PPO agent is not learning

I'm trying to train the model that selects the maximum number in the list of 10 numbers.

For example, I have a list [0, 1, 2, 3, 4, 5, 6, 7, 8, 9].

Given that input, the model is supposed to find the highest number, which is 9 in that case.

I have the following reward/penalty rules:

+10 if the model's answer was correct.
-1 if the model's answer was wrong.

I let my model play that game, and the accuracy is always around 10%, which is the same as just using a complete random picking.

What am I doing wrong?

Here is my code:

import random

import torch
import torch.nn as nn
from tensordict import TensorDict
from tensordict.nn import TensorDictModule, InteractionType
from torch import optim
from torch.distributions import Categorical
from torchrl.modules import ProbabilisticActor, ValueOperator
from torchrl.objectives import ClipPPOLoss
from torchrl.objectives.value.functional import generalized_advantage_estimate


def main():
    seed = 3
    torch.manual_seed(seed)

    # Find the maximum number in the list of 10 numbers.
    policy_network = nn.Sequential(
        nn.Linear(10, 64),
        nn.ReLU(),
        nn.Linear(64, 10)
    )
    policy_module = TensorDictModule(
        module=policy_network,
        in_keys=["numbers"],
        out_keys=["logits"]
    )
    actor = ProbabilisticActor(
        module=policy_module,
        in_keys=["logits"],
        out_keys=["action"],
        distribution_class=Categorical,
        default_interaction_type=InteractionType.RANDOM,
        return_log_prob=True
    )
    value_network = nn.Sequential(
        nn.Linear(10, 64),
        nn.ReLU(),
        nn.Linear(64, 1)
    )
    value_operator = ValueOperator(
        module=value_network,
        in_keys=["numbers"],
        out_keys=["value"]
    )
    loss_module = ClipPPOLoss(
        actor_network=actor,
        critic_network=value_operator
    )
    loss_module.set_keys(
        advantage="advantage",
        value_target="value_target",
        value="value",
        action="action",
        sample_log_prob="sample_log_prob"
    )

    # Training

    episode = 0
    max_episode = 1000
    optimizer = optim.Adam(list(policy_network.parameters()) + list(value_network.parameters()))
    number_of_correct_decisions = 0
    while episode < max_episode:
        # Generate a list of 10 random integers.
        numbers = [random.randint(1, 100) for _ in range(10)]
        current_tensor_dict = TensorDict({
            "numbers": torch.FloatTensor(numbers)
        }, batch_size=[])
        actor(current_tensor_dict)
        max_index = current_tensor_dict["action"].item()
        value_operator(current_tensor_dict)
        current_tensor_dict["sample_log_prob"] = current_tensor_dict["sample_log_prob"].detach()
        next_tensor_dict = TensorDict({
            "numbers": torch.FloatTensor(numbers)
        }, batch_size=[])
        value_operator(next_tensor_dict)

        correct_index = numbers.index(max(numbers))

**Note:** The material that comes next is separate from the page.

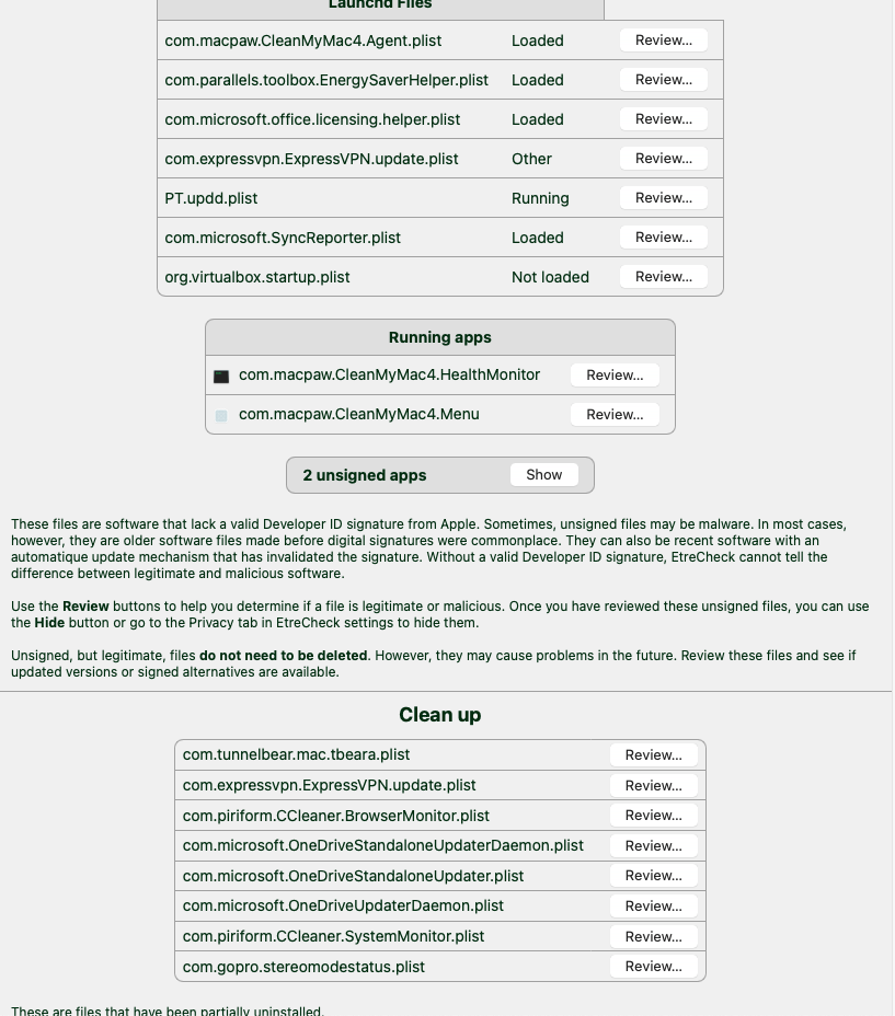Again, though, much of your Microsoft products are in that "partially uninstalled" list. So you may want to reinstall and uninstall some things - according to the developer's instructions, or at least use those "review" buttons in Etrecheck to find and/or delete the files.
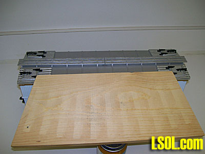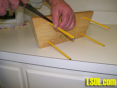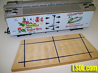 This write-up describes a little project I had in mind for several years, but somehow the right piece of lumber was never on hand. Finally, prompted by the invitation to submit hints for the 2011 LSOL calendar, I decided to go ahead with a less than ideal piece of 1" x 6" that was on hand. I wanted to drill holes in the board so that I could use common wood pencils to hold rolling stock for oiling the axles and changing couplers. My finished maintenance stand works, but could be improved. In this article, I'll tell you what I did right, what I could have done better, and I'll throw in a couple of cautions.  One of the requirements for the stand was that it be able to hold cars without damaging the fragile details that so many of our cars have, such as the ice hatch hinges and latches on my USA Trains woodside reefers. You may notice that in the picture above, clearance for the brake wheel is by letting it hang over the end of the board. In practice, when a detail is easy to remove, I just remove it until the maintenance is completed. The materials are simple: a piece of 1" x 6" lumber of suitable length and a pack of common pencils with erasers. The 1" x 6" I used was salvaged from an old layout, and it was cut on an angle at both ends. Since I saw no reason to square the ends up, I left them as they were. The tools needed are minimal too: a tape or ruler, a combination square, a drill bit that makes holes that will hold the pencils snugly, an electric drill or drill press, a fairly coarse flat file, a pen or pencil, and a hacksaw or hacksaw blade.   When I placed the 1" x 6" next to a reefer, and I saw that I could locate holes 10 inches apart and that would work for all my reefers and boxcars. Then I checked the width of the reefer roof and concluded that the holes should be spaced, widthwise, about 3 1/2" apart. That would put the holes 1 inch from the edges of the board, since what is nominally 1" x 6" lumber is actually 3/4" x 5 1/2". So I drew a line 1 inch from each edge. Then I located and marked the center of the board, lengthwise, and measured 5" toward each end. So basically I marked a 3 1/2" x 10" rectangle on the board, centered end-to-end and side-to-side. The corners of the rectangle were hole locations. The lines have been darkened with a felt-tip pen to make them easier to see in the pictures.   At this point, it looked like the four corner holes would work fine for reefers and for boxcars about the same length as the reefers. But I also have some little starter set 4-wheel coaches, and I want the stand to work with them too. When I put one of them next to the board, I could see that some more holes would be good. I marked off four more holes about an inch from each end and four about two inches from each end.   With these holes marked, I could have checked for other hole locations for other types of rolling stock, but I decided to go ahead and drill some holes and cut some pencils. I found that a 19/64" drill bit made good holes for the pencils I used. The first time I pushed pencils in the holes, they were tighter than I wanted, but pushing them in and out loosened things up a little. It gave a nice snug fit, but the pencils could be pushed in and pulled out fairly easily. I wanted the pencils to not wiggle around, but the ends of the pencils on the workbench would support the load so the pencils didn't have to fit tightly. If the pencils are really tight, a little sanding will make them easier to slide in the holes. I used a metal-cutting bit, and a word of caution is in order. Strange as it may seem, it is very easy to ruin a bit by overheating the cutting edges. A significant amount of heat is generated and wood doesn't carry off heat like metal does. Pause after every two or three holes and let the bit cool. If this had been a "craftsman quality" project I would have clamped a second piece of wood tightly behind the one I was drilling to reduce the splintering where the bit comes out. On this project I wasn't concerned about a little splintering, so I didn't bother. I used a drill press since it was available and made it easy to get the holes square to the board, but that isn't necessary as long as the holes are close to square. Once the holes were drilled it was time to cut some pencils. I pushed four pencils in and placed the stand, upside down, on a reefer. To reduce the chance of breakage, I didn't want the pencils longer than necessary, so I kept checking clearance and pushing them in farther until finally the ferrules were to the wood. There was still clearance between the board and the ice hatch hinges and latches, and the roof walk.  With the hacksaw blade against the board, I cut off the excess length of the pencils. Hacksaws are made for cutting metal, but I find their small teeth make them good for cutting small pieces of wood. WARNING: DO NOT CUT THE PENCILS INDOORS!! When the saw goes through the graphite, it makes a bigger mess than you would want indoors, even in your shop area. Supporting the ends of the pencils when finishing a cut helps reduce splintering. Once the pencils are cut, the stand is ready to accept reefers, boxcars, and coaches.   Moving the pencils toward the center of the board makes the stand convenient for holding the short coaches.  So now I have a stand that can be used with my reefers, boxcars, and short coaches. The next things I looked at were cabooses. I put four new pencils in the board and pushed them in until there was just a little clearance with the highest part of a drover's caboose. Before I cut the pencils, I checked that they would provide clearance with my other cabooses, including the woodside caboose in the picture. The combination square is useful in gettine all the pencils the same length.   Next I cut the excess off these pencils, as I did before with the first four. The stand is ready for cabooses.  With the pencils cut for the cabooses, I put a big streamlined vista dome car on the stand, and that's a fairly

        # Reward/Penalty Rules
        score = 0
        if max_index == correct_index:
            score += 10
            number_of_correct_decisions += 1
        else:
            score -= 1
        reward = torch.FloatTensor([[score]])

        # Note that we need to use batched input and the output will be in batched form.
        advantage, value_target = generalized_advantage_estimate(
            gamma=0.98,
            lmbda=0.95,
            state_value=current_tensor_dict["value"].unsqueeze(0),
            next_state_value=next_tensor_dict["value"].unsqueeze(0),
            reward=reward,
            done=torch.BoolTensor([[1]]),
            terminated=torch.BoolTensor([[1]])
        )
        current_tensor_dict["advantage"] = advantage.squeeze(0)
        current_tensor_dict["value_target"] = value_target.squeeze(0)
        loss_tensor_dict = loss_module(current_tensor_dict)
        loss_critic = loss_tensor_dict["loss_critic"]
        loss_entropy = loss_tensor_dict["loss_entropy"]
        loss_objective = loss_tensor_dict["loss_objective"]
        loss = loss_critic + 0.01 * loss_entropy + loss_objective
        print(
            f"episode: {episode}, score: {score}, numbers: {numbers}, max_num: {numbers[max_index]}")
        loss.backward()
        optimizer.step()
        optimizer.zero_grad()
        episode += 1
    print(f"Accuracy = {number_of_correct_decisions / max_episode}")

main()

Solution

It turns out that the agent did not explore enough before it was optimized.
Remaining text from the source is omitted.